Continuing with the theme of self-publishing. The company I chose to deal with is called AuthorHouse. It describes itself as a "leader in the self-publishing industry".
A site run by the Science Fiction and Fantasy Writers of America, Inc. which is devoted to vanity publishers and subsidy publishers, has various links to checking out all kinds of publishers and the like. One of which, is called "Preditors & Editors", a guide to publishing and writing services for serious writers. On this site, when you look up AuthorHouse, you'll see it's not recommended by them because they call it a 'vanity publisher'.
By the same token, when I decided to Google info on AuthorHouse, the second link to show up after the one for AuthorHouse, was one called "Dog Ear Publishing", which was listed in the Preditors & Editors site as a self-publishing company. Go figure.
It did some nice comparisons on the three majors out there, one of which was AuthorHouse. After reading the some of the articles in it, there were some pluses and minuses to AuthorHouse that got me to really think about going with AuthorHouse long term. One of the major pluses was that this company was recommended to me by an author who has about eight good mystery novels published through them.
Basically, what I'll probably do, is do one and out with them for my first novel. Since self-publishing is/can be expensive and it's something not for the faint of heart, I can consider this to be valuable lesson that I can use towards my ultimate goal of finding a commercial publisher.
For the immediate future, at least I can work on marketing/selling my first one while writing the second. And if anything, it will give me something of a "carrot" to offer people, when I start knocking on doors again.

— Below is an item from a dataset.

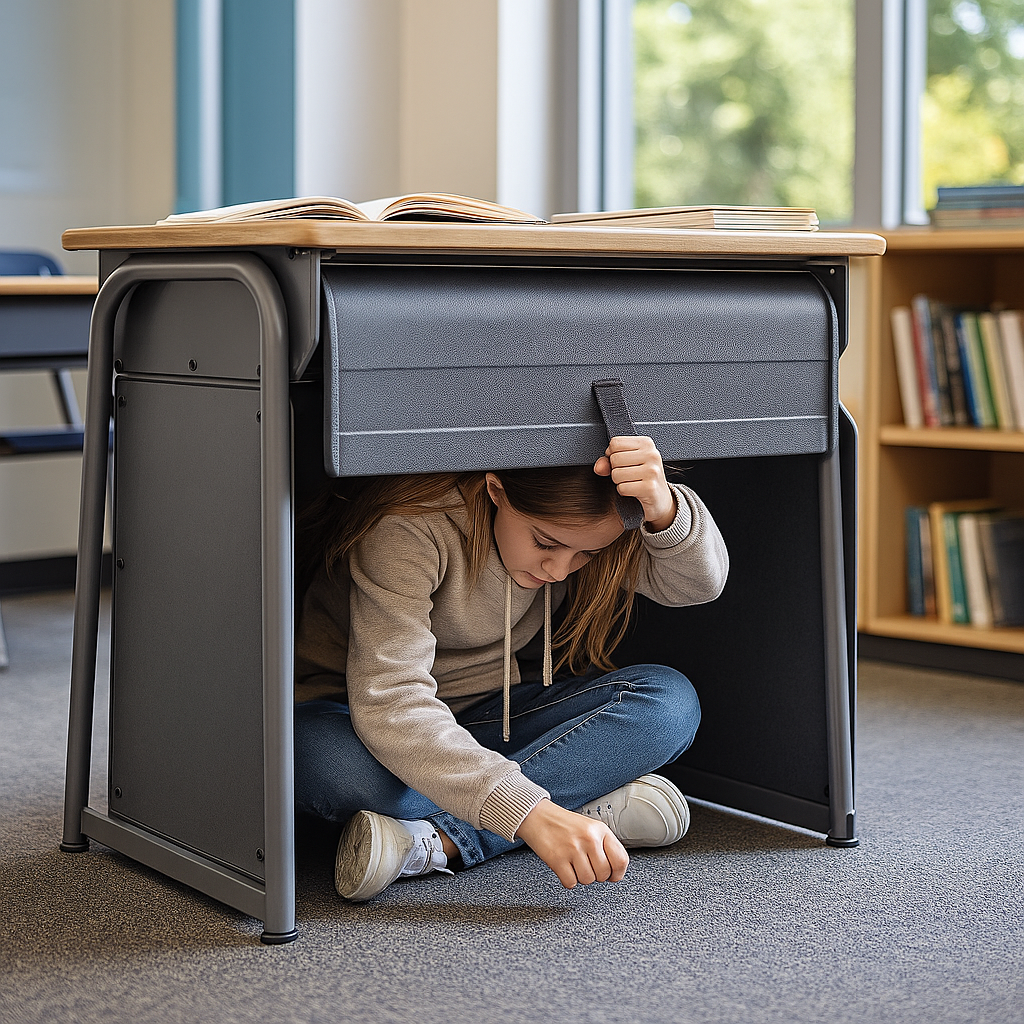 Child-size emergency workstation that converts into a ballistic shield during active-shooter events.

And if it doesn't work out that way in the long run, then I can continue with my adventures in self-publishing. Either way, it's gonna be a funky roller coaster ride.

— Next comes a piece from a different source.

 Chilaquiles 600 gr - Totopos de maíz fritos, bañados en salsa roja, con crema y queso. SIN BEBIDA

Getting back to my novel. After purchasing the service contract for my book, things began moving rather quickly. Last week, I had a call with the designer regarding the interior and exterior of my book, which I think went relatively well. I'm shooting for a cover that expresses the beauty of love as it relates to nature (since its a romance novel) and for the body text, I'm going to be using the Palatino Linotype font. It's soft and easy on the eyes, which is my personal preference.
As for the basic premise of the novel, first and foremost, I like to think of it as a real life romance. Not something that you would typically read of, but something more grounded in reality. The reality is an work place romance, or to be more precise, a love affair between co-workers, one not married and one is.
In addition to this love affair turned serious relationship, there is an important secondary plot line woven throughout the narrative. Because the lead character has started to develop a strong attachment to his co-worker, he becomes confused over his feelings for her. In trying to reconcile these feelings, he decides to put them down on paper. Originally meant to be an outlet for his emotions and nothing more, it soon turns into a volatile relationship that mirrors such a parallel course to his own relationship to his co-worker, that it becomes quite impossible to tell which one is real and which one is the product of an active imagination.